### Try it
The stretch from the line with "看孟佳的配文都是在暗讽自己做" through the line with "The new out-the-front" in the records below: write it out exactly, and nothing else.

### Data listing
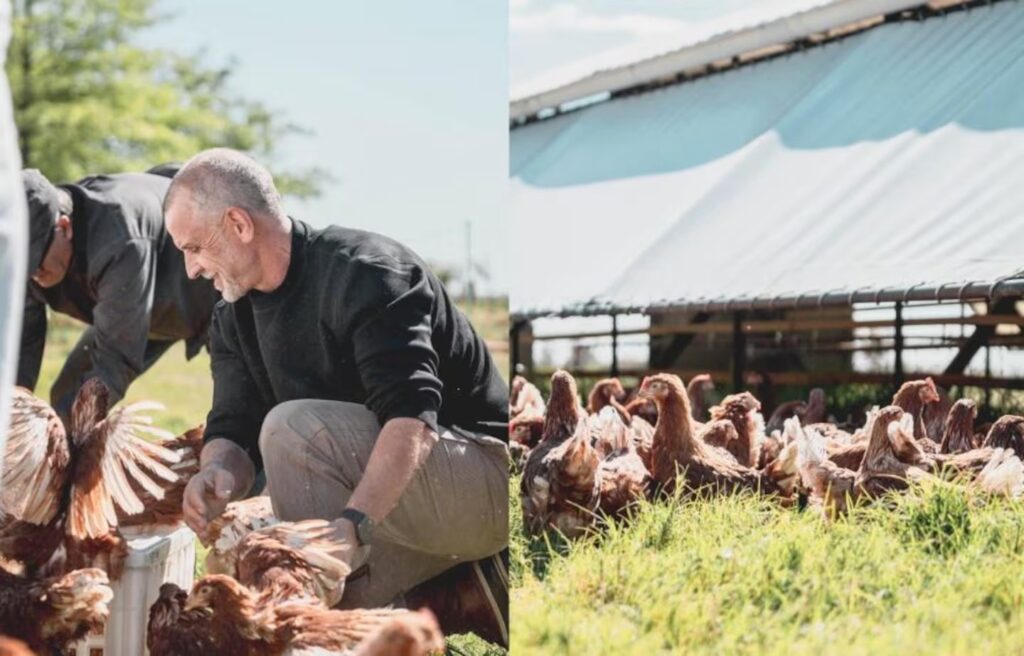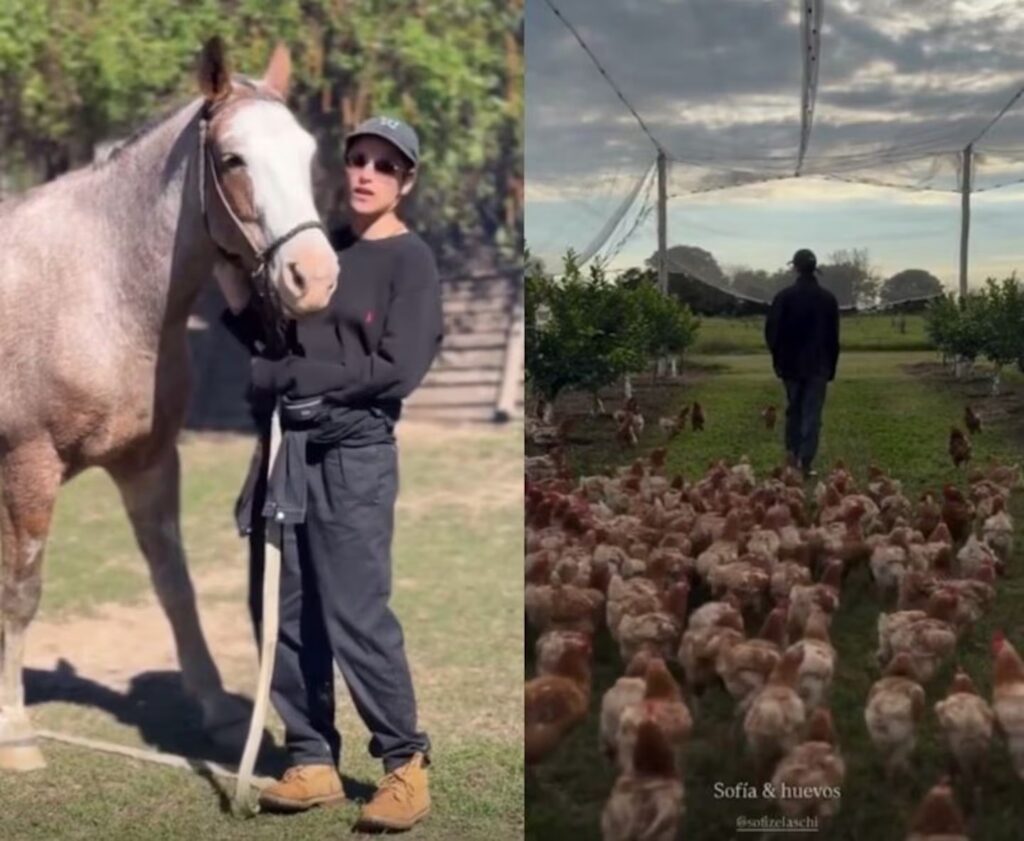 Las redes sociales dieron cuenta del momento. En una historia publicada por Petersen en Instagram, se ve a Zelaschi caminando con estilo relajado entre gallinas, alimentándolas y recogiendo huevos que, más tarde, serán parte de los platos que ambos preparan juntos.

* * *

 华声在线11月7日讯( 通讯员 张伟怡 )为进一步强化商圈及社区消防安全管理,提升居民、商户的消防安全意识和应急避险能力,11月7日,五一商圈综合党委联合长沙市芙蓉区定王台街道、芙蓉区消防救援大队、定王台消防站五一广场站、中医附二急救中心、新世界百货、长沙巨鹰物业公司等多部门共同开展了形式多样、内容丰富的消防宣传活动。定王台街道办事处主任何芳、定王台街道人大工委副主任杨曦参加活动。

...

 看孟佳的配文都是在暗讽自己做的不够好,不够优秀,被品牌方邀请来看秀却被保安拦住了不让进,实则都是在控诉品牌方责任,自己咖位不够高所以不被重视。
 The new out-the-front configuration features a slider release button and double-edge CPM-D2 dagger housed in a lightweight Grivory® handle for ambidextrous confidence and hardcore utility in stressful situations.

### Solution to this task
 看孟佳的配文都是在暗讽自己做的不够好,不够优秀,被品牌方邀请来看秀却被保安拦住了不让进,实则都是在控诉品牌方责任,自己咖位不够高所以不被重视。
 The new out-the-front configuration features a slider release button and double-edge CPM-D2 dagger housed in a lightweight Grivory® handle for ambidextrous confidence and hardcore utility in stressful situations.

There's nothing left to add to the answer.